TASK INSTRUCTIONS: Leave out every picture, and output exactly the lines from the line containing "湖人媒體The Lakers Review被阿門打服了,他寫道:好吧,阿門-湯普森擊敗了每一個湖人球員。" through the last line of the data.

(Collection entries)
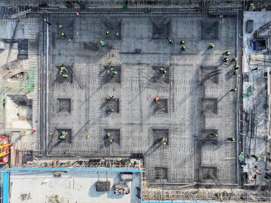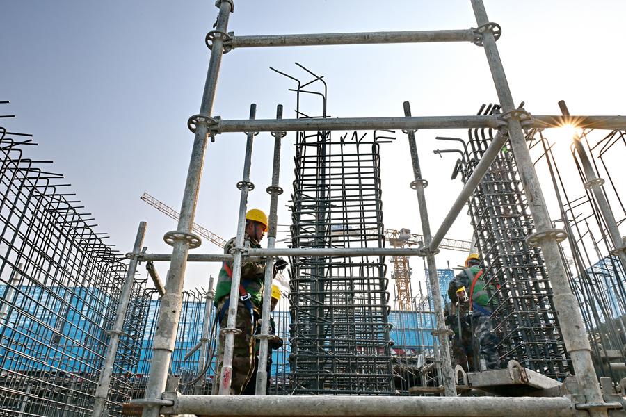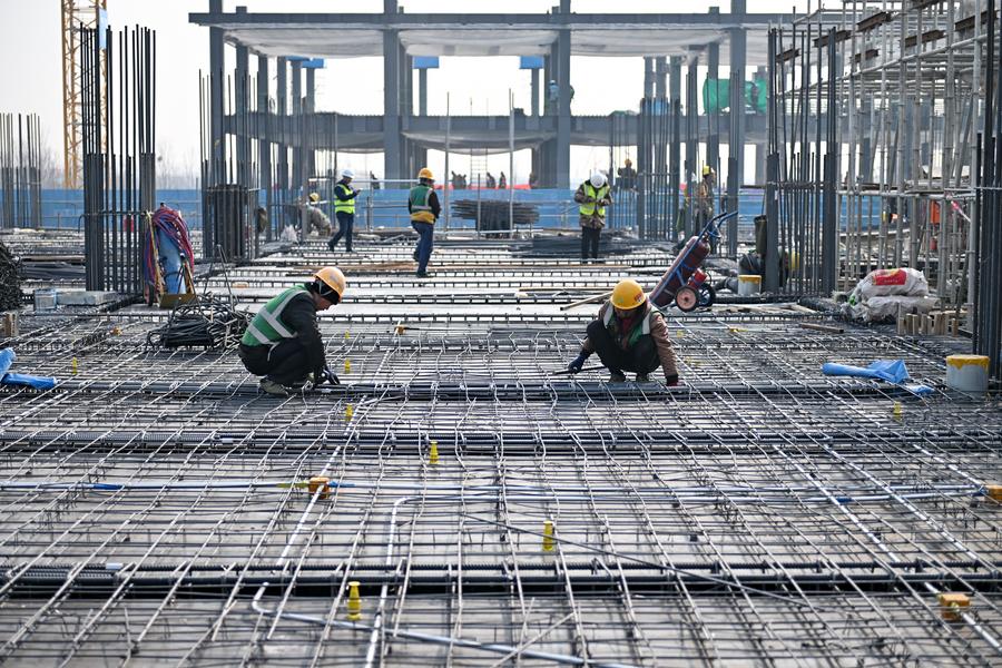 Staff members of China Construction Third Engineering Bureau Group Co., Ltd. work at the construction site of the headquarters of China Mineral Resources Group Ltd. (CMRG) in Xiong'an New Area, north China's Hebei Province, Feb. 27, 2025. (Xinhua/Mu Yu)
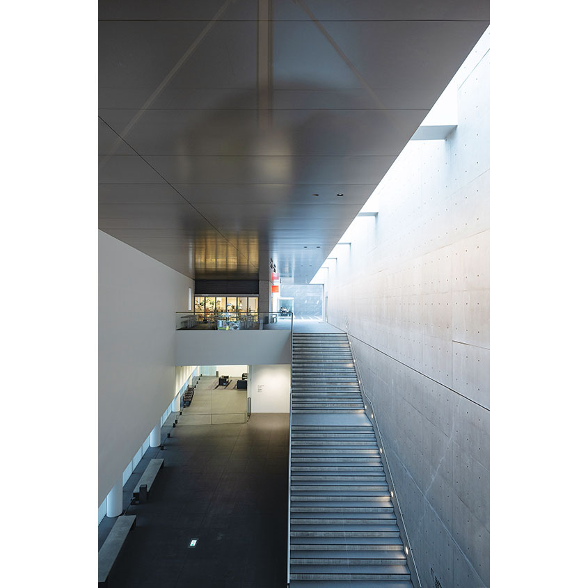 Taniguchi is a world-renowned architect known for designing the expansion of the Museum of Modern Art in New York City. Koichi Nakata, the artistic director and chief curator of MIMOCA, noted that the MI-MOCA building showcases Taniguchi’s commitment to detail. For example, many areas of the museum are paved with large, square stone tiles with vertical and horizontal joints that are all perfectly aligned with no irregularities, appearing as if a grid pattern were drawn three-dimensionally on all surfaces. Highlighting this astonishing precision, Nakata said, “This embodies Taniguchi’s philosophy of eliminating visual noise so viewers can focus solely on artworks.”
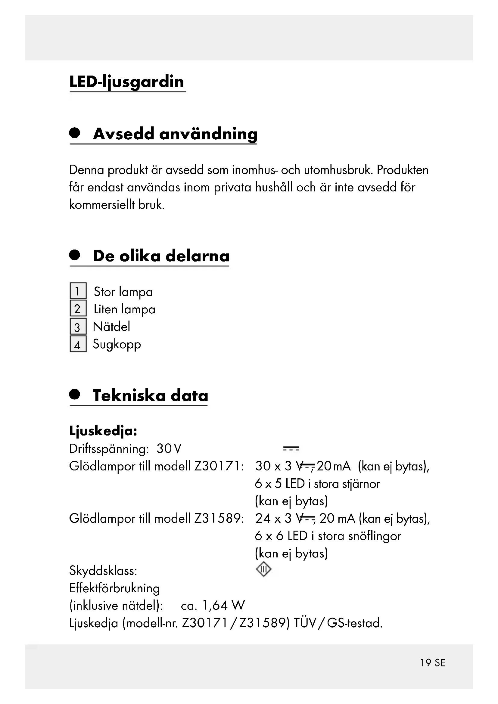 Tekniska data Ljuskedja: Driftsspänning: 30 V Glödlampor till modell Z30171: 30 x 3 V , 20 mA (kan ej bytas), 6 x 5 LED i stora stjärnor (kan ej bytas) Glödlampor till modell Z31589: 24 x 3 V , 20 mA (kan ej bytas), 6 x 6 LED i stora snöflingor (kan ej bytas) Skyddsklass: Effektförbrukning (inklusive nätdel): ca. 1,64 W Ljuskedja (modell-nr. Z30171 / Z31589) TÜV / GS-testad.20 SE Nätdel: Märkspänning ingång: 230–240 V
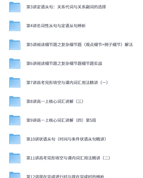 60课时学完高中英语课程,这套“60课时学完高中全部英语”课程覆盖高一至高二阶段的核心知识与应试技巧,分为上、下两册共60讲。上册包含40讲,聚焦基础语法、词汇积累与完形填空、阅读细节题实战;下册包含20讲,聚焦高阶语法、专题阅读与高考经典题型演练。课程设计以高考英语提分为导向,讲解与练习紧密结合,帮助学员在短期内掌握重难点,为后续学习奠定坚实基础。
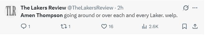 湖人媒體The Lakers Review被阿門打服了,他寫道:好吧,阿門-湯普森擊敗了每一個湖人球員。
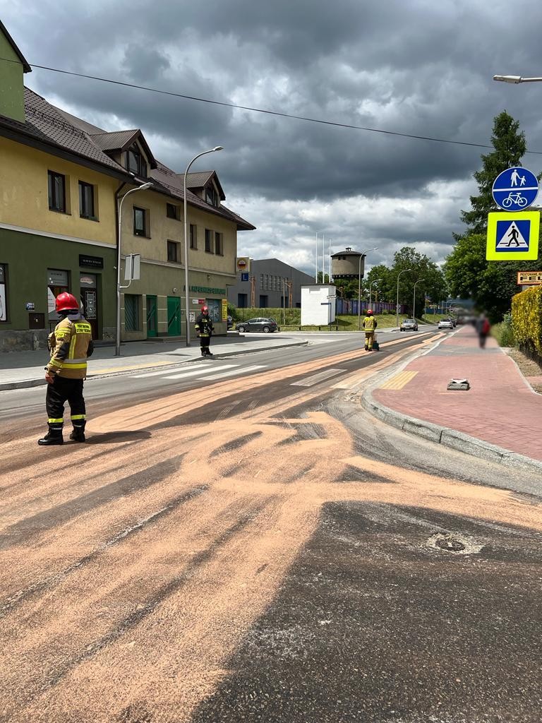 12 czerwca o godzinie 12.31 zastępy z JRG nr 1 w Nowym Sączu oraz OSP Biegonice zadysponowane zostały do działań na ulicę Nawojowską w Nowym Sączu. Po przybyciu na miejsce zdarzenia ustalono, że na ulicy Nawojowskiej na jezdni rozlane były płyny eksploatacyjne. Plama była długości około 2000 m i szerokości 2 m. Działania strażaków polegały na zabezpieczeniu miejsca zdarzenia, kierowaniu ruchem wahadłowo oraz zasypaniu plamy sorbentem. Działania strażaków trwały prawie półtorej godziny.

TASK ANSWER:
 湖人媒體The Lakers Review被阿門打服了,他寫道:好吧,阿門-湯普森擊敗了每一個湖人球員。
 12 czerwca o godzinie 12.31 zastępy z JRG nr 1 w Nowym Sączu oraz OSP Biegonice zadysponowane zostały do działań na ulicę Nawojowską w Nowym Sączu. Po przybyciu na miejsce zdarzenia ustalono, że na ulicy Nawojowskiej na jezdni rozlane były płyny eksploatacyjne. Plama była długości około 2000 m i szerokości 2 m. Działania strażaków polegały na zabezpieczeniu miejsca zdarzenia, kierowaniu ruchem wahadłowo oraz zasypaniu plamy sorbentem. Działania strażaków trwały prawie półtorej godziny.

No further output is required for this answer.